Menu
Libération
Homophobie

Le Kazakhstan vote une loi destinée à interdire la «propagande LGBT»

Les députés de ce pays d’Asie centrale - allié de la Russie où existe une loi similaire - ont adopté ce mercredi 12 novembre un texte législatif contre la promotion des «orientations sexuelles non traditionnelles».

A Paris, le 25 juin 2022. (Cyril Zannettacci/Vu pour Libération)
Publié le 12/11/2025 à 12h37

Des débats anachroniques. Les députés du Kazakhstan ont adopté ce mercredi 12 novembre une loi visant à interdire la promotion de ce qu’ils nomment des «orientations sexuelles non traditionnelles», dans l’espace public et les médias. Si ce texte - qui doit encore être voté par le Sénat kazakh - passe, les contrevenants risqueront des amendes et les récidivistes jusqu’à dix jours de prison.

Une manière de renforcer la répression contre les LGBT + dans ce pays d’Asie centrale très proche allié de la Russie, qui, fin 2022, avait déjà interdit toute forme de «propagande» LGBT + dans les médias, sur internet, dans les livres et les films. Des lois similaires existent aussi dans des pays de l’UE, comme en Hongrie et en Bulgarie.

Le président kazakh Kassym-Jomart Tokayev, dont la signature est aussi nécessaire pour que le projet de loi entre en vigueur, a souligné à plusieurs reprises ces derniers mois la nécessité de défendre ce qu’il appelle les «valeurs traditionnelles». Les députés de la chambre basse, contrôlée par des partis fidèles à Tokayev, ont voté à l’unanimité en faveur de l’interdiction.

Dans un communiqué, la chambre basse a dit vouloir prendre ces mesures pour «protéger les enfants contre les contenus préjudiciables à leur santé et à leur développement». Dans la ligne des propos de son président, le ministre kazakh de l’Éducation, Gani Beisembayev, a estimé que «les enfants et les adolescents sont exposés chaque jour en ligne à des informations qui peuvent avoir un impact négatif sur leurs idées concernant la famille, la moralité et l’avenir».

«Obligations internationales»

Plusieurs ONG, dont Human Rights Watch ou Amnesty international avaient appelé mardi les parlementaires kazakhs à rejeter ces mesures homophobes, en vain. Les associations qui protestent contre cette réforme estiment par ailleurs que les libertés civiles sont très restreintes dans cette immense ex-république soviétique alliée de Moscou et de Pékin.

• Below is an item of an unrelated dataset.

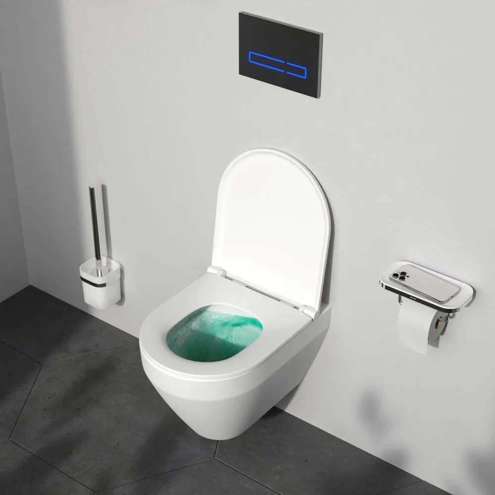 Выверенный геометрический дизайн - идеально ровные поверхности с четкими гранями, - отмечен премиями iF Design и Good Design. AquaSpin -новая система смыва последнего поколения-более эффективное омывание чаши, гигиеничность и экономия воды до 50% - в сравнении с классическими видами омывания, выверенная геометрия гарантирует отсутствие брызг , минимум рельефа внутри чаши обеспечивает пониженный уровень шума при смыве и дополнительную лёгкость в уборке. Дизайн смыва разработан немецким агентством Brandis.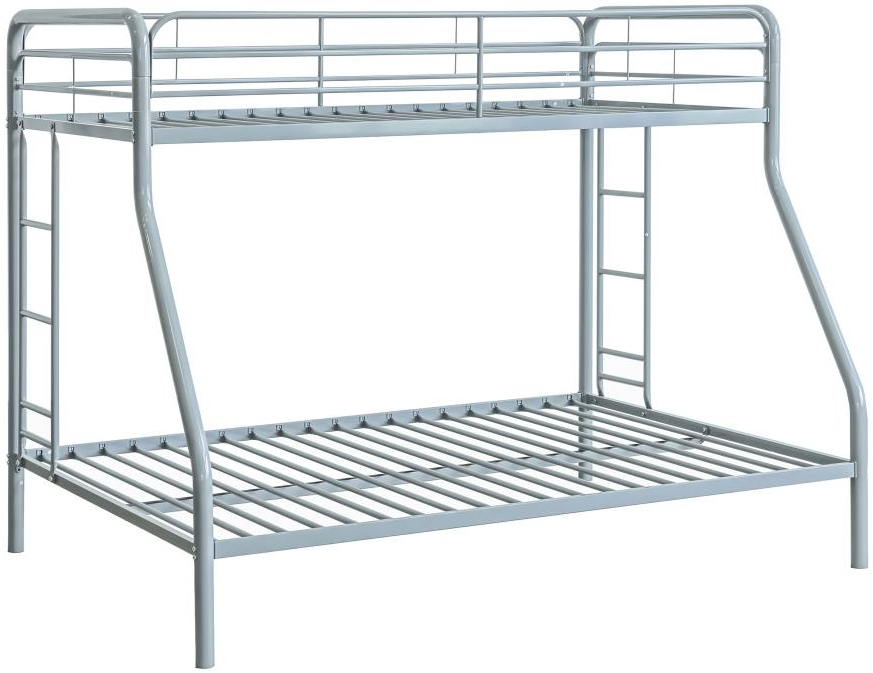 Twin-over-full bunk bed in glossy silver powder-coated finish with durable metal frame

En mars, le président Tokayev avait critiqué les «valeurs morales dites démocratiques, y compris les LGBT, imposées à de nombreux pays pendant des décennies», notamment via des ONG qui se seraient, selon lui, «ingérées grossièrement dans les affaires intérieures» kazakhes. L’un des députés de la chambre, Nikita Shatalov, a souligné que le projet de loi ne viole aucune des obligations internationales du pays. «Il est absurde que quiconque tente de nous imposer son point de vue par la pression informationnelle. En évoquant la violation des obligations internationales, ces organisations contreviennent elles-mêmes aux pratiques internationales par leurs déclarations, cherchant ainsi à nous faire pression. C’est inacceptable», a-t-il déclaré selon le journal kazakh Liter.

Pays à majorité musulmane mais largement laïque, le Kazakhstan a légalisé l’homosexualité dans les années 1990, même si les mentalités restent profondément conservatrices.